As you accumulate wealth throughout your life, knowing how to manage it wisely gets tougher and tougher. Unless you work in the financial industry or take up investing as a major hobby, managing an investment portfolio will likely be overwhelming. You need someone who can take the stress of financial planning off your plate and help you establish a path that will take you to your long-term goals.
That’s exactly why you need a financial advisor. You may have heard about these professionals from family or friends, but it’s important to know exactly what an advisor is and how they can help. This article tackles exactly that. We’ll talk about what a financial advisor does, their qualifications and specializations, some of their key services, and how to know when it’s time to hire one.
What is a Financial Advisor?
A financial advisor is a professional who can help you plan and reach your investment and savings goals, both short and long-term. They will assist you when choosing investments and can create financial strategies to build your wealth. In short, financial advisors are there to help you get where you want to go.
Every financial advisor approaches their role differently, which means any office could offer a variety of services. A few common services your advisor might provide include:
- Portfolio management
- Retirement planning
- Tax planning
- Estate planning
- Investment management
Each of these services includes setting up and managing a strategic financial plan. Your advisor might rebalance your accounts from time to time, let you know when it’s time to make significant changes, or recommend courses of action that have certain tax benefits for you.
Qualifications
Many professionals gain on-the-job experience post graduation and learn about the finance industry firsthand. Plenty of great advisors choose the field not because they have an educational background in accounting or investing but because they truly care about helping others establish a sturdy foundation for their financial future.

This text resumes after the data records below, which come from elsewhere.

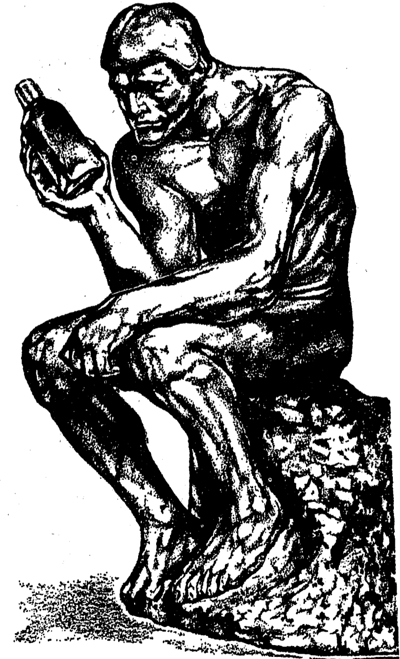
A public service of the Idaho Advertising Federation & Idaho Newspaper Association.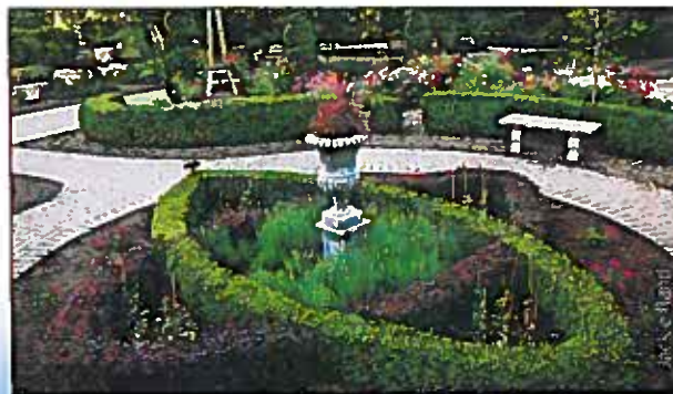
Visit Gardens Reflecting La Crosse's Many Global Sister Cities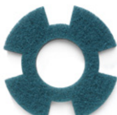
Blue Daily cleaning K.2.72.1216.797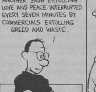
ANOTHER SHOW EXTOLLING EVERY SEVEN MINUTES BY COMMERCIALS EXTOLLING GREED AND WASTE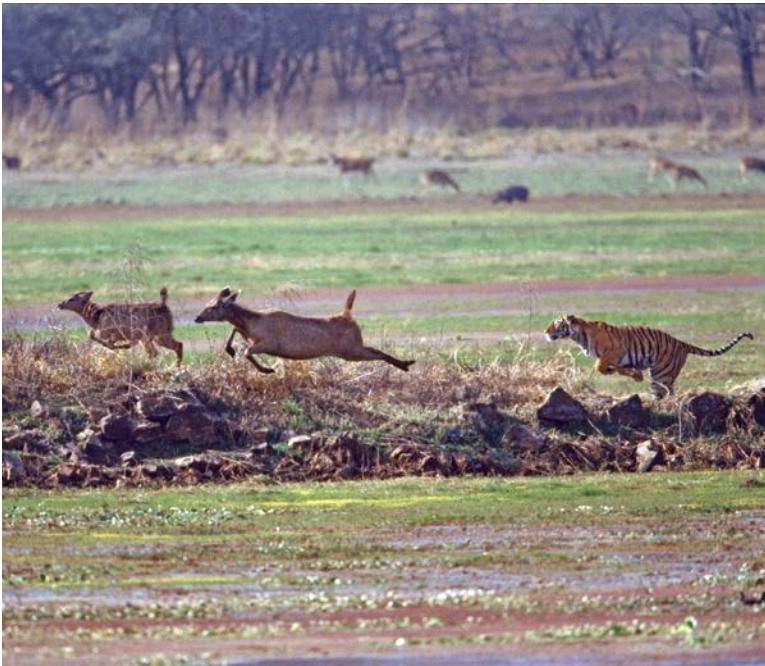
A Bengal tiger chases two sambar deer in India.

Tigers are among Earth's most beautiful animals. They are also important members of the habitats where they live. They help keep nature in balance. Tigers eat hoofed animals such as deer and wild pigs. Without tigers, these animals would eat too many plants. Then other animals that need the plants for food and shelter would suffer.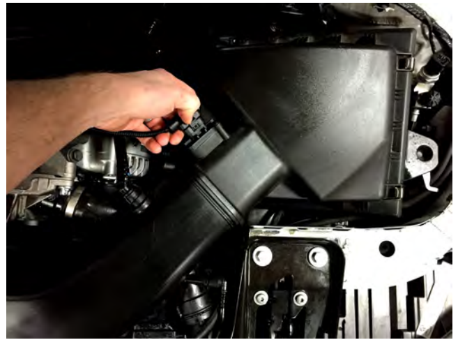
b. Disconnect MAF sensor wiring harness. Remove the sensor with a T20 Torx bit and set aside in a safe, clean place. Keep the screws for re-use.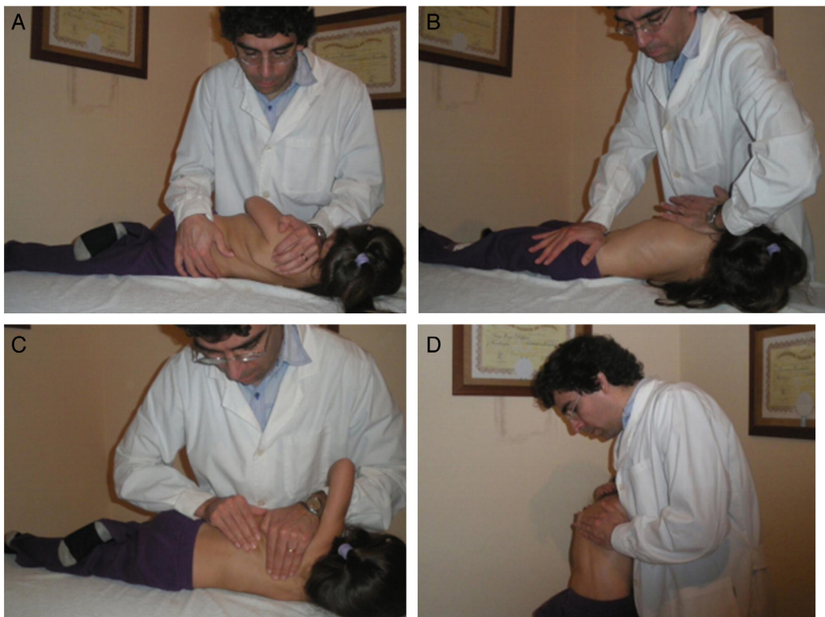
Fig 1. Derotation technique. A, Lumbar derotation technique, in the lateral decubitus, in the lumbar scoliosis convex to left. B, Technical standardization in dorsal recumbency in the lumbar spine in rotation with restricted mobility. C, Thoracic derotation technique, in the lateral decubitus, in the thoracic scoliosis convex to right. D, Thoracic derotation technique, in the sitting position of a thoracic scoliosis, convex to the right.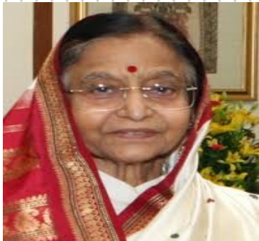
Hon. Sau. Pratibhatai D. Patil Former President of India & Founder of the College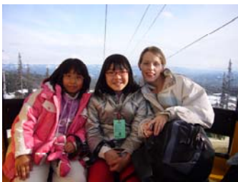
Students had the chance to spend a fun day skiing at Big White. For many, it was a new experience.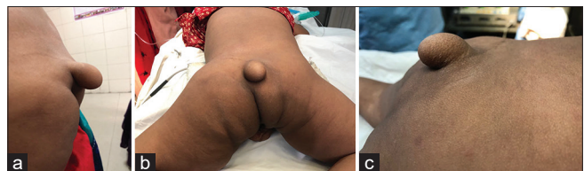
Figure 3: (a-c) Single pedunculated soft-tissue (caudal appendages) mass located at midline in the lumbosacral region (case 3)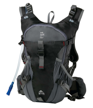
Urban Peak™ Hybrid Hydropack Features Walk MS logo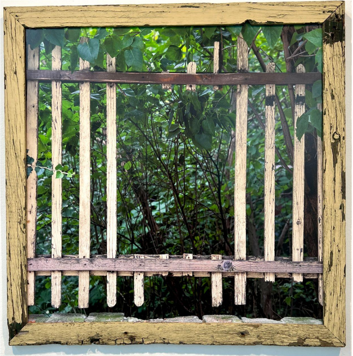
Fence Hack #13 - Sofia, Bulgaria 2022 original wooden fence, photograph 55 x 55 cm 5.500 Euro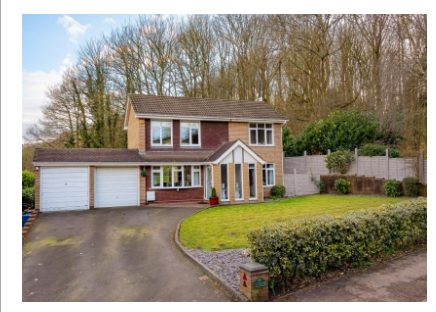
Wychaven, The Holloway, Swindon, Dudley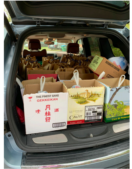
Meals all packed up and ready to distribute!

Pat and Jim spent 6 hours delivering food for Thanksgiving. Starting on Sams Point Road to Coosaw Island, then out to Seabrook, Laurel Bay, Port Royal, downtown Frogmore, Lands End and Horse Island.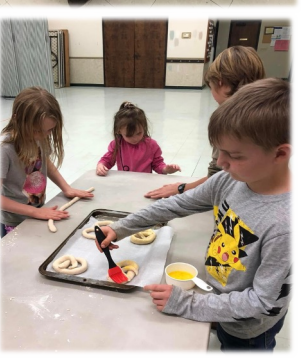
Spring Fun & Placemats for Meals On Wheels

At the end of March, the Buttercups gathered for a time of creating placemats for Meals on Wheels and then to enjoy a beautiful spring day of play with homemade slushies! It was a great time!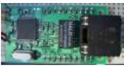
Netzer from top.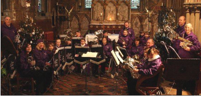
The Band Playing at All Saints, Nocton - 19th Dec 2010

The Silver Silver Sounds Band is a small local group who have performed a number of times in Nocton recently to really positive acclaim. They encourage and give the opportunity for young brass players to develop their skills, playing with those of many years experience. All Saints, Church was pleased to be able to support them through our Tree Festival.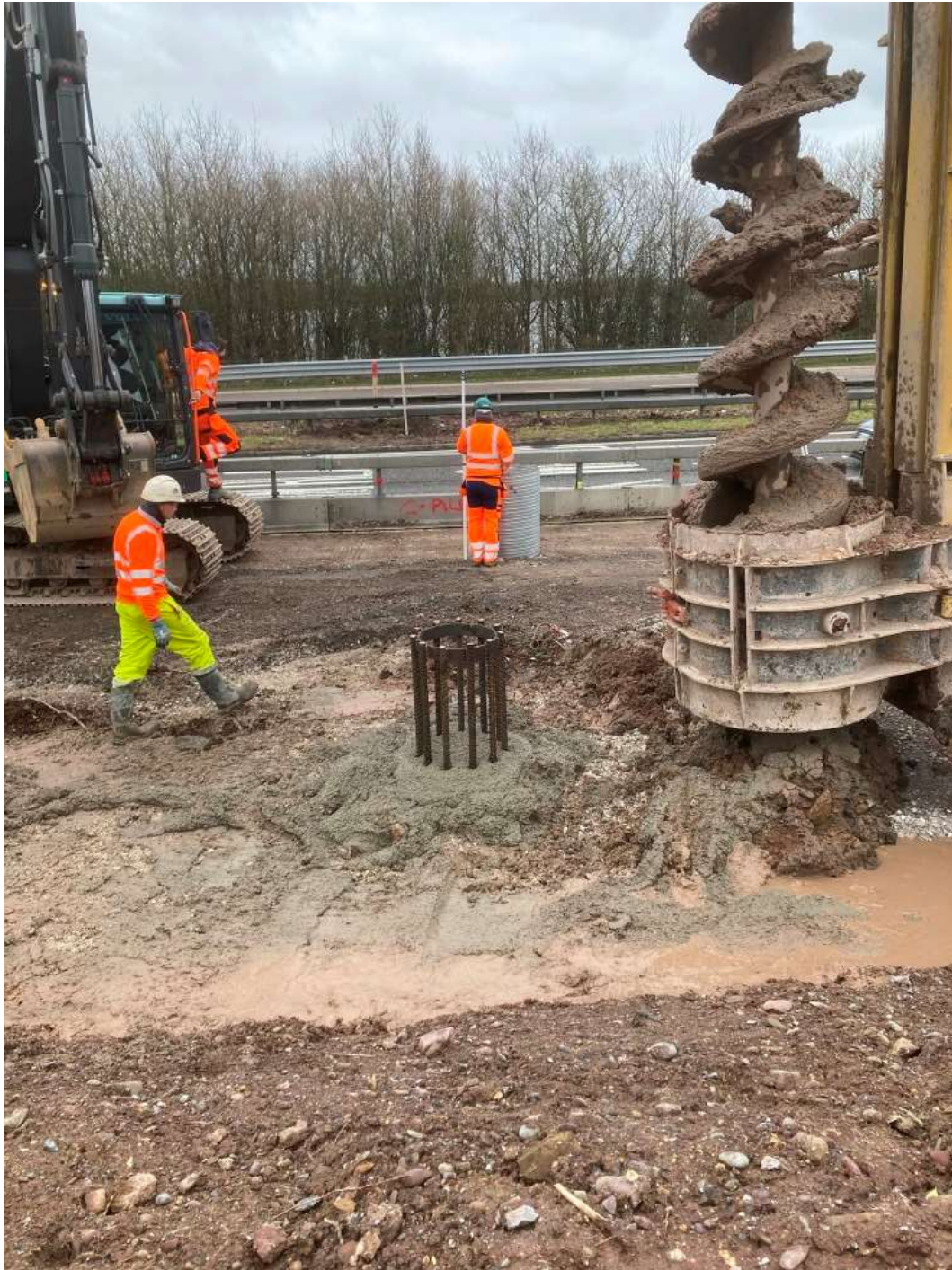
Reinforced pile just cast at the ITS site closest to the Tunnel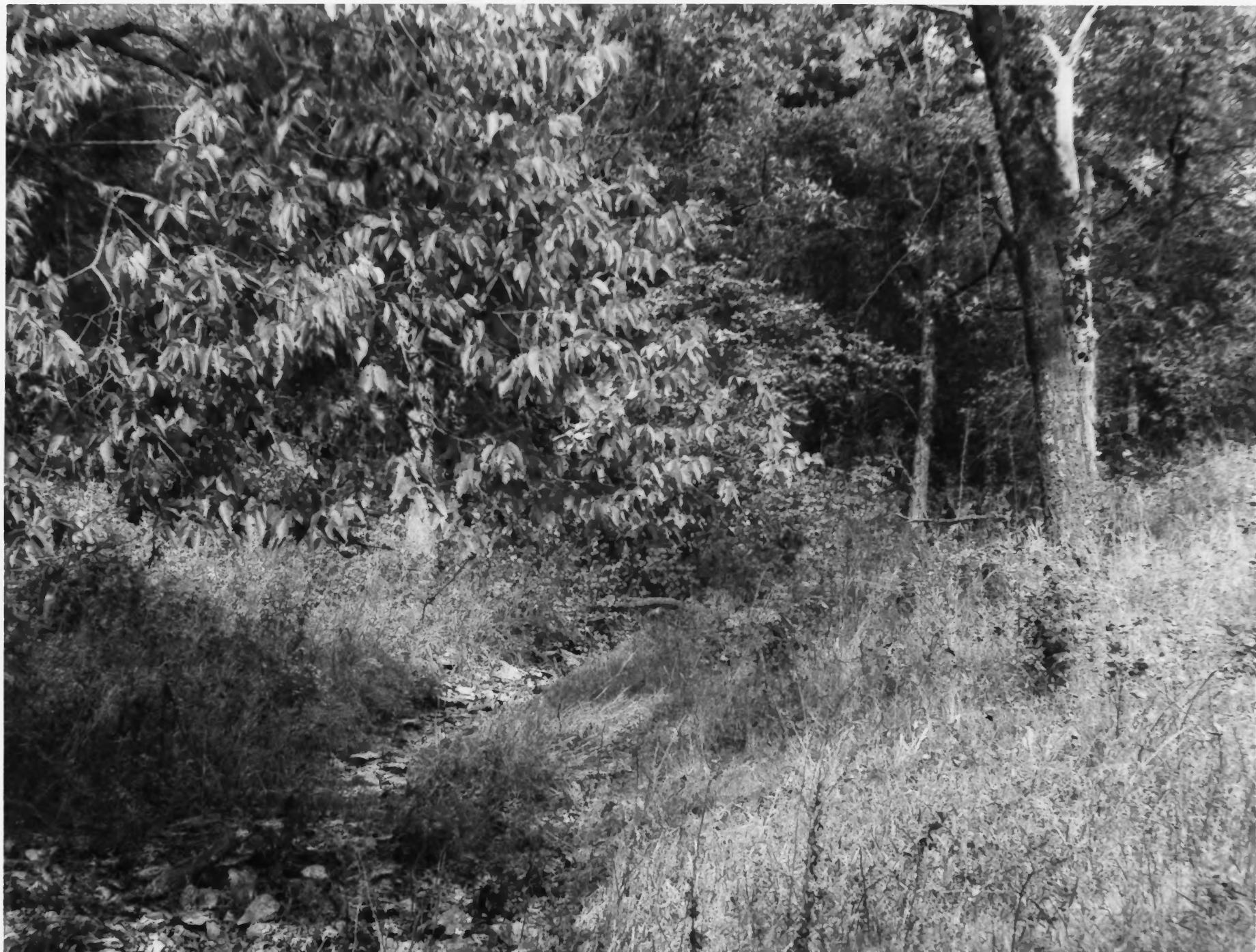
Marais des Cygnes Massacre Site, Trading Post, Kansas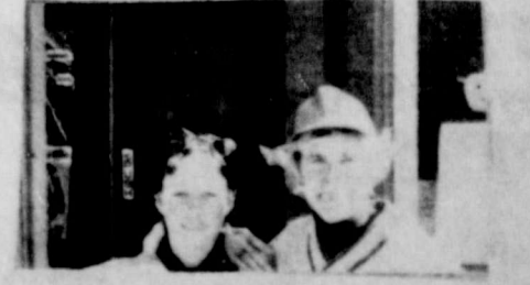
Wonder who these two lovelies are?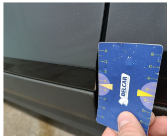
Door Front Left // Painting-scratch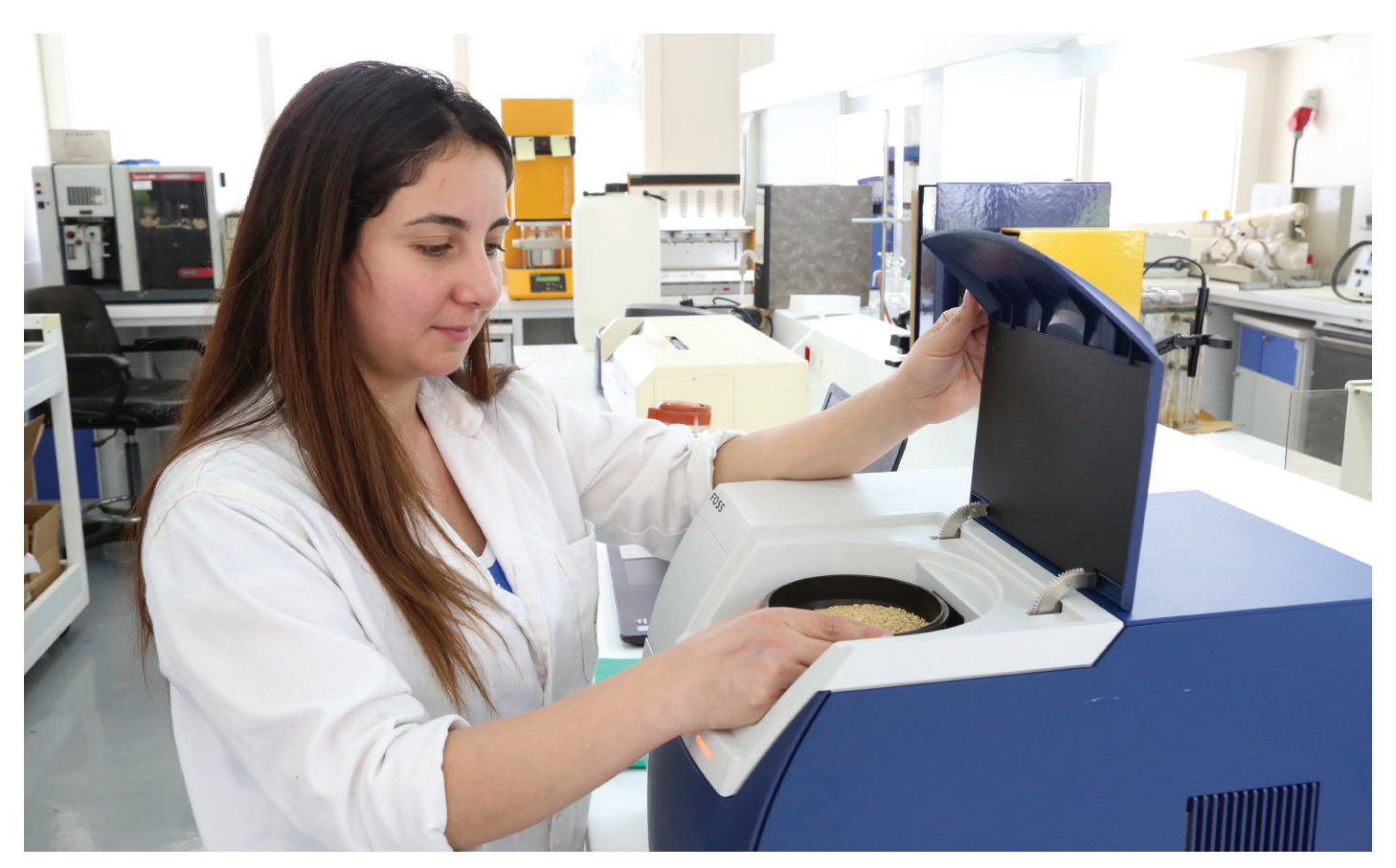
An engineer from LARI-Lebanon analyses fodder materials as a part of a project funded by AFESD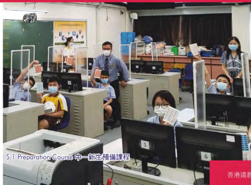
S.1 Preparation Course 中一新生預備課程

每年舉辦多個不同的國內及國外遊學團，如「悉尼之旅」、「英國之旅」、「南韓之旅」、「馬來西亞之旅」、「新加坡之旅」、「北京之旅」、「海南之旅」等，擴闊同學視野。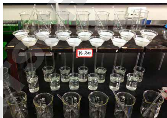
Fig 3. Retention of \text{PbSO}_4 precipitate using Whatman Grade 40 filter paper.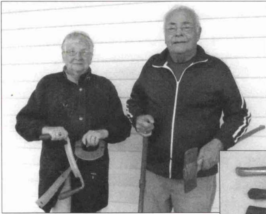
Tools donated by Anita & Roger Chamberland Lewiston, Maine April 26, 2016

Collection donated includes: axe, dtrop, spud, crooked knife, dough cutter, draw knife, awl, saw handles, buck saw*, and cross cut saw*(galandore). * Not in photo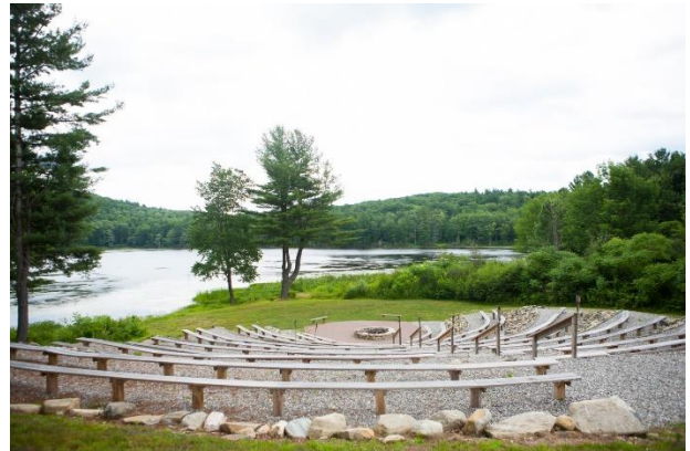
Hume Lake New England

Since the first summer of camping in 1946, more than 1.5 million young people and adults have been exposed to God's love and wonderful plan for their lives through Hume Lake Christian Camps.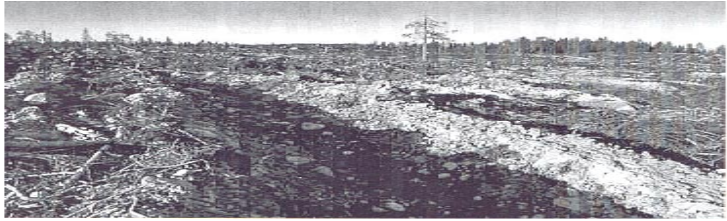
The drive to ever greater profits wreaking havoc on our natural environment.

Capitalism is the most destructive, life crushing system the world has ever seen. It is a global monster that ensures misery for billions of people throughout the world. It is literally eating up the planet, allowing politicians to wallow in corruption - see what's going on in Pakistan for example.

Some financial advisors will pursue extra certifications to showcase their qualifications. Many advisors will pursue the Series 65 license, which is required to be a fee-based advisor. To pass this, candidates must also pass the series 6 or 7 test, depending on what services they plan to offer. There are also designations such a Retirement Income Certified Professional® (RICP®), issued by The American College of Financial Services, and Accredited Investment Fiduciary® (AIF®), which is an accredited designation recognized by The Financial Industry Regulatory Authority (FINRA).
Specializations
Advisors can specialize in different areas of finance if they choose. They might do this through extra certifications and licensures or simply with years of experience in a certain area. A few specializations include:
- Retirement planning
- Investment strategy
- Financial planning
Advisors can also specialize in specific types of products or investments. This could be helpful if the majority of their clients benefit from a handful of products. By specializing in that area, the advisor can often secure the best opportunities for their clients.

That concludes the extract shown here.